• Task requirements: Copy down every line of the data that follows exactly. Omit the pictures.

• Data extract:
Content starts
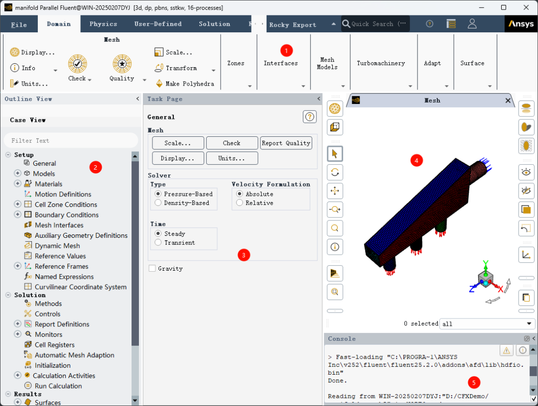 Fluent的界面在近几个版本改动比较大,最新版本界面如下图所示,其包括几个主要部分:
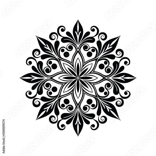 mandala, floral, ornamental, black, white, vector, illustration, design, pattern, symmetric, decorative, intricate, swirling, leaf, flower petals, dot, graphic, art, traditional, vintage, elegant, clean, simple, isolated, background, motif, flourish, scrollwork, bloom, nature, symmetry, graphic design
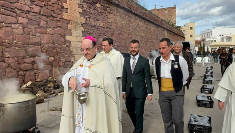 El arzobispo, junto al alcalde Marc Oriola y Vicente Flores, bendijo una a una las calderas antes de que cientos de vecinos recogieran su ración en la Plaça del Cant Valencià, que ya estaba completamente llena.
Content ends
• Your solution:
 Fluent的界面在近几个版本改动比较大,最新版本界面如下图所示,其包括几个主要部分:
 mandala, floral, ornamental, black, white, vector, illustration, design, pattern, symmetric, decorative, intricate, swirling, leaf, flower petals, dot, graphic, art, traditional, vintage, elegant, clean, simple, isolated, background, motif, flourish, scrollwork, bloom, nature, symmetry, graphic design
 El arzobispo, junto al alcalde Marc Oriola y Vicente Flores, bendijo una a una las calderas antes de que cientos de vecinos recogieran su ración en la Plaça del Cant Valencià, que ya estaba completamente llena.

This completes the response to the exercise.